PROBLEM STATEMENT
Each line from the top of the listing down to and including the line with "昨日,省及武汉市文化部门出动" must be duplicated exactly; pictures are to be skipped.

#####

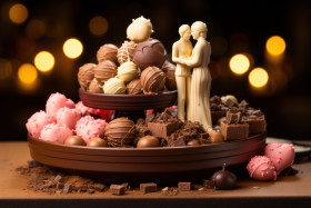 Couples twirl and dance on a chocolate carousel adorned with heart shaped truffles, valentine, dating and love proposal image
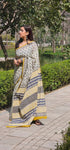 Beige Yellow Handblock Mul Cotton Saree
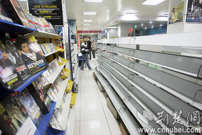 昨日,省及武汉市文化部门出动百余名稽查人员,对市内各大音像制品卖点进行突查。从110家音像门店中,挖出6个地下黑窝点,收缴盗版音像制品近20万张。图为位于武昌珞狮南路附近的“力神电器”听到风声,忙将盗版音像制品从柜台上撤下。执法人员还是从阁楼上查出了隐藏的5000余盘盗版碟。
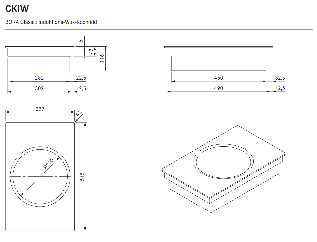 ? Das Gerät kann aufgrund der Bauhöhe von 116 mm nicht über der Abluftführung installiert werden ? Sorgen Sie unterhalb des Kochfeldes für ausreichend Belüftung ? Glaskeramik-Ausformung: Durchmesser 250 mm ? Verwenden Sie einen Wok, welcher bei steigender Temperatur seine magnetischen Eigenschaften verliert (Überhitzungsschutz). Wir empfehlen die Verwendung der von uns angebotenen Wok-Pfanne
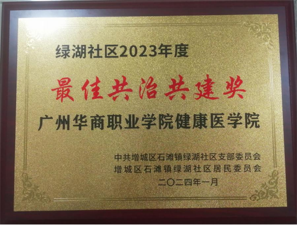 石滩镇绿湖社区党支部和居委会授予我院“绿湖社区2023年度最佳共治共建奖”
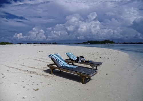 Tag: mare, spiaggia, nuvole, sabbia, lettini, due, cielo, acqua, sdraio.
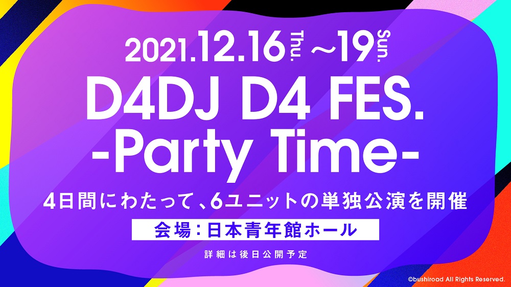 この日は7月22日(木)にHappy Around!のオンラインライブの開催、さらに各ユニットのソロ公演が4日かけて開催される「D4DJ D4 FES. -Party Time-」が2021年12月16日(木)~19日(日)に東京・日本青年館ホールで、そして2022年初夏に大型フェスの開催も発表された。
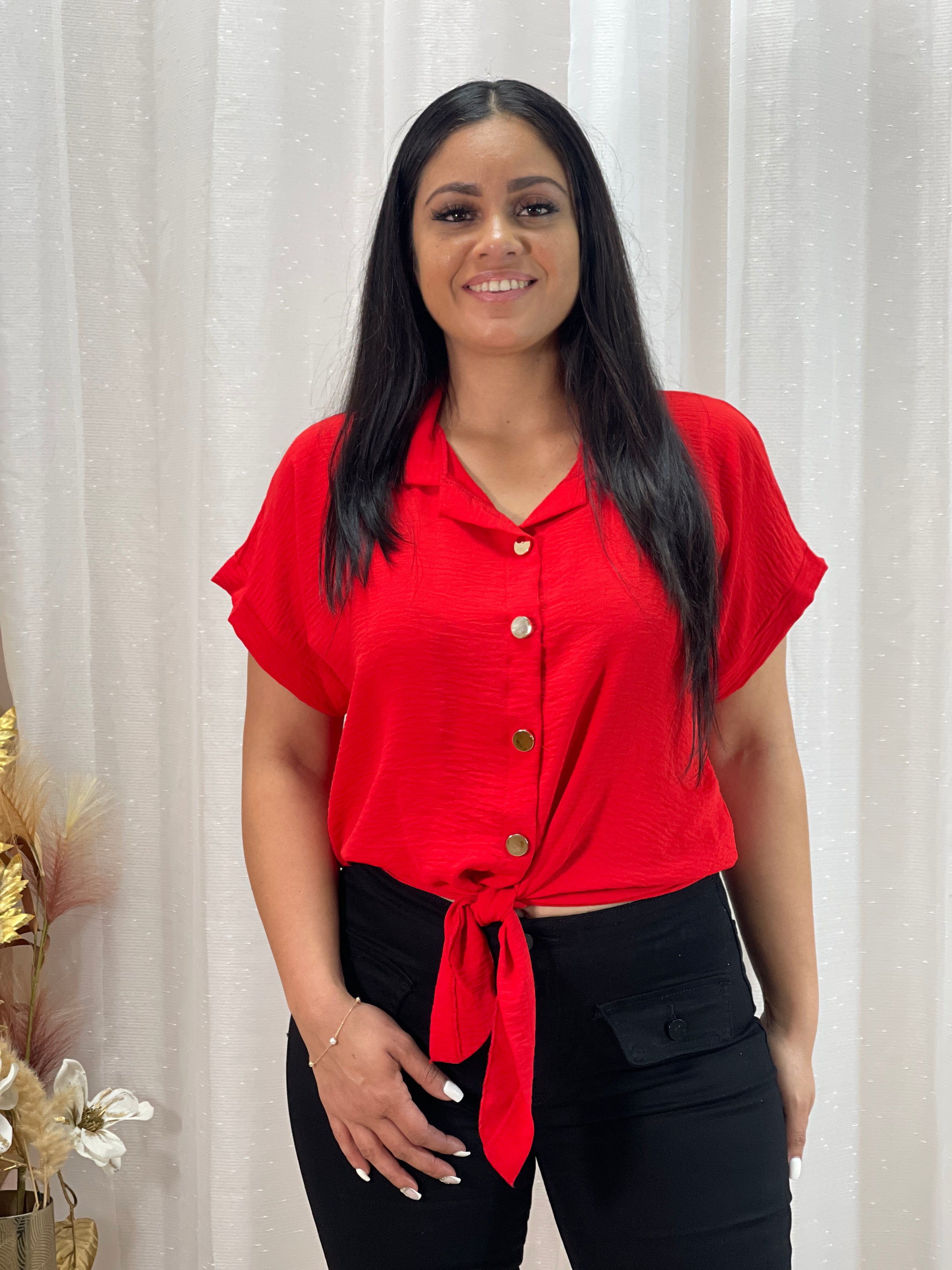 Adoptez l'élégance simple avec le chemisier Thea, un modèle uni doté d'une boutonnière délicate et d'un nœud subtil qui sublime votre silhouette. Confortable et facile à assortir, il apporte une touche raffinée à toutes vos tenues, du bureau aux sorties. Un indispensable polyvalent pour un style chic et sans effort.

#####

RESPONSE AREA
 Couples twirl and dance on a chocolate carousel adorned with heart shaped truffles, valentine, dating and love proposal image
 Beige Yellow Handblock Mul Cotton Saree
 昨日,省及武汉市文化部门出动百余名稽查人员,对市内各大音像制品卖点进行突查。从110家音像门店中,挖出6个地下黑窝点,收缴盗版音像制品近20万张。图为位于武昌珞狮南路附近的“力神电器”听到风声,忙将盗版音像制品从柜台上撤下。执法人员还是从阁楼上查出了隐藏的5000余盘盗版碟。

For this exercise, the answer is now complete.